Thursday, September 28, 2006

Chapter 3 - A Flying Start (3)

As it turned out, they didn’t have enough money for an economy class flight.

“I’m sorry, sir,” said The Stork Behind The Counter. “We had to raise our prices because of the shortage of edibles for our flyers. And since that unfortunate accident when our top-flyer crashed into the barbed-wire fence with a total loss of lives, we’ve lost a lot of customers. There are a lot of vicious rumours going round that he wasn’t qualified for above-cloud flying and that he was flying under the influence. Oh but sober flyers are so difficult to find nowadays!”

“Crashing? Influence? Maybe we should walk, Dex,” said Sinister, suddenly not at all keen on using Storky’s Quality Flyers.

“Nonsense! We’ll be safe, I’m sure. What is the cheapest airfare you have?” inquired Dexter.

“Well, sir, let’s see. Currently we have a special we’ve just started for low-budget customers. We call it Sub-economy class. That’s the cheapest we have.”

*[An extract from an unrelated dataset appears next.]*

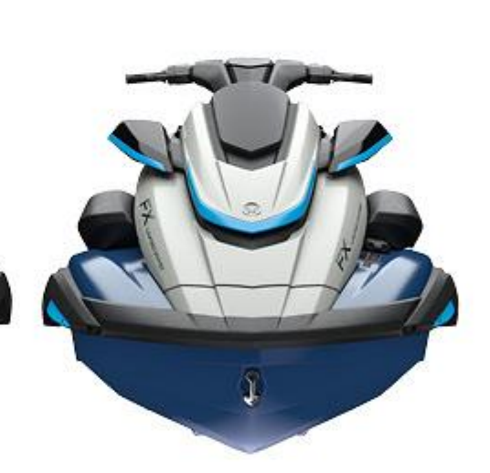
FX CR SVHO

“We’ll take it! cried Dexter excitedly. “How much?”

“That will be A Lot of Silver, sir,” replied The Stork Behind The Counter.

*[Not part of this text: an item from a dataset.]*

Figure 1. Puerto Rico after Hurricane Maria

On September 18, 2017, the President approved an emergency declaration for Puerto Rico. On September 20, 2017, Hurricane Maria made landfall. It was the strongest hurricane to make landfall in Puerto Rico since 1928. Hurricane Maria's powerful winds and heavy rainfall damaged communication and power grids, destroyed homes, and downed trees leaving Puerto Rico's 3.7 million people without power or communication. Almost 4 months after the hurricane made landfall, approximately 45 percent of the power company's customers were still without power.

Dexter paid over A Lot of Silver and saw with alarm that he had only A Bit of Silver left. The stork handed over the tickets and said “The next flight will attempt to leave in ten minutes, sir.”

“Attempt to leave?” stuttered Sinister, now clearly terrified. “Dex, please, I’ve got an awful feeling about this.”

“Oh, come, you’re not afraid of a little flying are you?” teased Dexter, mostly to hide his own discomfort because he too had a bad feeling about their proposed aerial adventure.

They started walking towards the airfield but were soon stopped by the same stork, now hurriedly dressed as a customs official. With a stern look on his face, the stork threw a feathered arm into the air and glared down at them.

“One moment! Anything to declare?” he bellowed in an authorative voice.

They showed him their bags and he searched it closely. The Amazing Eyewear System seemed to intrigue him but not surprisingly he found nothing when he put the glasses on. Reluctantly he handed their bags back.

“Got to be sure, you know,” he grunted. “We’ve had a few passengers trying to hi-jack our flyers and others trying to smuggle babies across the border. There’s a huge market for Landscape babies in Portrait. They say King Incarnate is trying to bring down the level of intelligence of his people. Keeps them from trying to seize the crown from him, I suppose.”

After these formalities, they reached their flyer. It was a huge stork with lovely long wings and a strip of chairs fastened to his back.

“Hey, how are you man?” asked Sinister, hoping to befriend Flier Stork-Seven-Three-Seven.

“Oh, okay, I guess. I’m not feeling too great today. A bit under the wing, to be sure. My therapist says that I should let go of all the anger and hurt inside and realise my true potential. I’m depressed and phobic, he said. But I’m cured, I really am. I’ve almost completely lost my fear of heights.”

“This way, gentlemen”, intervened a stewardess, a young stork, saving them from further disheartening discussions with their flyer.

‘This way’ turned out to be under the stork’s body. Just behind its legs.

“Wait! This can’t be right! Isn’t this the baggage compartment?” asked Dexter nervously.

“No, sir, this is quite right. Your tickets quite clearly state, ‘Sub-economy’ and therefore you must sit under the Economy class, which is on top in front of the tail feathers”, replied the stewardess with a sympathetic smile and a firm, icy voice, reminiscent of a nurse. “Enjoy your flight!” She left before they could say another word.